We directly estimated levels of gene flow between population pairs from the site frequency spectrum (SFS) using the composite-likelihood method implemented in fastsimcoal2 v2.6.0.3 (Excoffier et al. 2013). The joint SFS of two populations is sensitive to demographic processes. For instance, gene flow will result in more low-frequency shared polymorphisms than expected under a nonmigration scenario (Hahn 2018). We tested ten demographic models (fig. 4B), and inferred migration rates, as well as other demographic parameters including current and past population sizes, ancestral population size, divergence time, time of secondary contact, and gene flow cessation time, for eight Dune–Headland (DH) population pairs. We additionally asked whether gene flow was occurring in a linear fashion down the coast within each ecotype by testing eight Dune–Dune (DD) and eleven Headland–Headland (HH) pairs. To determine the baseline level of gene flow inferred by fastsimcoal2 between isolated populations, namely the null gene flow expectation, we estimated migration rates for three very divergent allopatric populations (>1,500 km apart, between the eastern and south-eastern clades; D03–D32, D03–H12, and H02–H12), and took the highest detected migration rate from these allopatric comparisons as the baseline migration rate.

As above, the Western Australia populations (D09 and D35) were excluded from this data set to increase the number of sampled SNPs. For each pair, we filtered for a minor allele count of one (MAC1), retaining between 6,679 and 19,951 variable sites per pair (mean = 12,155 SNPs, SD = 3,316). By using a MAC1 and a relatively high number of samples per population (mean = 57, SD = 15), we retained rare alleles that are informative about migration events between the populations (Slatkin 1985b). We note that we also ran fastimcoal2 removing SNPs with MAF <0.05. We found that migration rates were higher using MAC1 compared with MAF0.05 which means that if anything, we would be overestimating migration rates, which would make our case for very low gene flow even stronger (result not shown). As we cannot distinguish ancestral from derived alleles, we used the minor allele SFS (folded SFS). We used an ad hoc approach to estimate the number of monomorphic sites (supplementary methods S1, Supplementary Material online). Gene flow estimates were robust to varying the number of monomorphic sites (data not shown). We generated the joint folded SFS per population pair without downsampling using vcf2dadi and dadi2fsc.2pop R functions from Liu et al. (2018). (See supplementary table S4, Supplementary Material online, for details on the number of SNPs, number of monomorphic sites, and models tested for each pair comparison.)
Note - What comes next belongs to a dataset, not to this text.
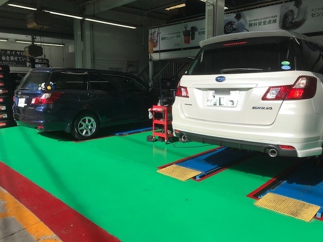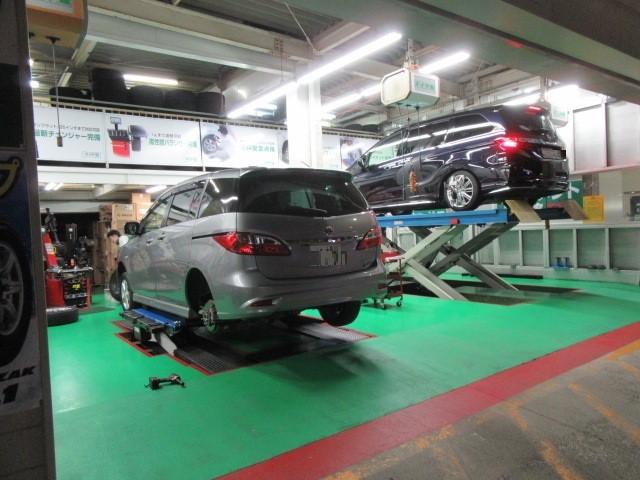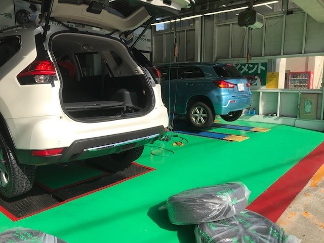 スタッドレスの装着・オイル交換・アライメント調整等の作業が夜まで続きました。

We performed 50 independent fastsimcoal2 runs per model per population pair. Each run consisted of 100,000 coalescent simulations and 40 expectation–maximization cycles for parameter optimization. We used a mutation rate of 1.0 × 108 based on Asteraceae EST sequence comparisons and fossil calibrations (Strasburg and Rieseberg 2008). We ranked the models based on the Kullback–Leibler information value which was estimated from the Akaike information criterion (AIC) scores of the best run per model. Here, the normalization of the difference between the AIC scores of a particular model and the best model in the set provides a measure of the degree of support for a particular model, namely model likelihood (wi) (Thomé and Carstens 2016). As the use of linked-SNPs might lead to pseudoreplication issues when comparing models based on fastsimcoal2 likelihood values (Bagley et al. 2017) and the SFS discards linkage information, we verified SNPs were largely unlinked by calculating linkage-disequilibrium in PLINK (data not shown).
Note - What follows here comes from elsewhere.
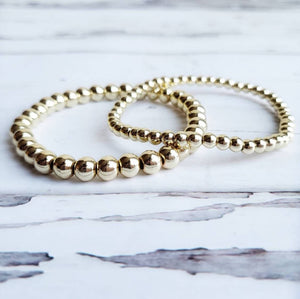 This gorgeous, delicate, stretch 14k gold-layered beaded bracelet set is perfect for everyday wear and stacking with your other favorite pieces! Its dainty design is perfect for wanderers and free-spirits alike!
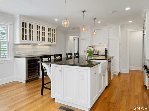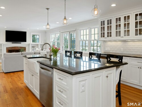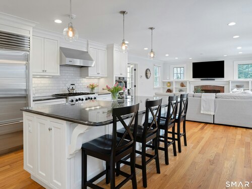 Welcome to the heart of Noroton Heights nestled on one of the most sought-after streets in Darien. This incredible neighborhood offers the perfect blend of community, convenience, & everyday amenities just moments from your door! Renovated in 2008 with a significant addition, this home combines timeless charm, curb appeal & plenty of room for any lifestyle. Inside, you'll find 5 beds/ 3.5 baths, tons of natural light, hardwood floors, & recessed lighting throughout. The first floor features a formal living room, dining room, guest bedroom & bath, mudroom & office. The open-concept family room flows seamlessly to the backyard w/ sliding glass doors leading to a stone patio, perfect for indoor/outdoor entertaining. At the center of the home is a chef's kitchen, complete w/ a massive island, high-end stainless-steel appliances, granite counters, custom cabinets & a tile backsplash. Upstairs are 4 add'l beds, including a spacious primary ensuite w/ vaulted ceilings, a walk-in closet & luxurious bath. The property sits on a large, flat, fenced-in lot w/ eastern exposure & beautiful sunsets-ideal for gatherings, outdoor play, or simply relaxing at home. All of this is less than a 10 min walk to the Noroton Train Station (55 mins to GC), Heights Crossing, Darien Commons, offering numerous restaurants, coffee shops, boutique shopping, Equinox, SolidCore, grocery stores & more! Conveniently located near Darien's schools, daycare & beaches-this is Darien living at its finest!

As fastsimcoal2 uses simulations to approximate the likelihood values, there is variance in the likelihood estimates. To test whether the best model significantly differs from alternative models with very low gene flow (2Nm = 0.01) but the same values at other parameters, we compared their likelihood distributions based on 100 expected SFS from 100,000 coalescent simulations per model (Bagley et al. 2017). If likelihood distributions overlap, there is no significant differences between the fit of both models (Meier et al. 2017). To obtain confidence intervals for all demographic parameters, we performed parametric bootstrapping. Given the parameter values of the best run of the best model, we simulated 100 SFS and reestimated the parameter values from them. Each run consisted of 100,000 coalescent simulations and 30 expectation–maximization cycles. The parameter values of the best run of the best model were specified as the initial values of each bootstrapping run. We computed the 95% confidence intervals of all parameters with the groupwiseMean function of rcompanion R package (Mangiafico 2015).

Is Gene Flow High Enough to Obscure a Single Origin Scenario?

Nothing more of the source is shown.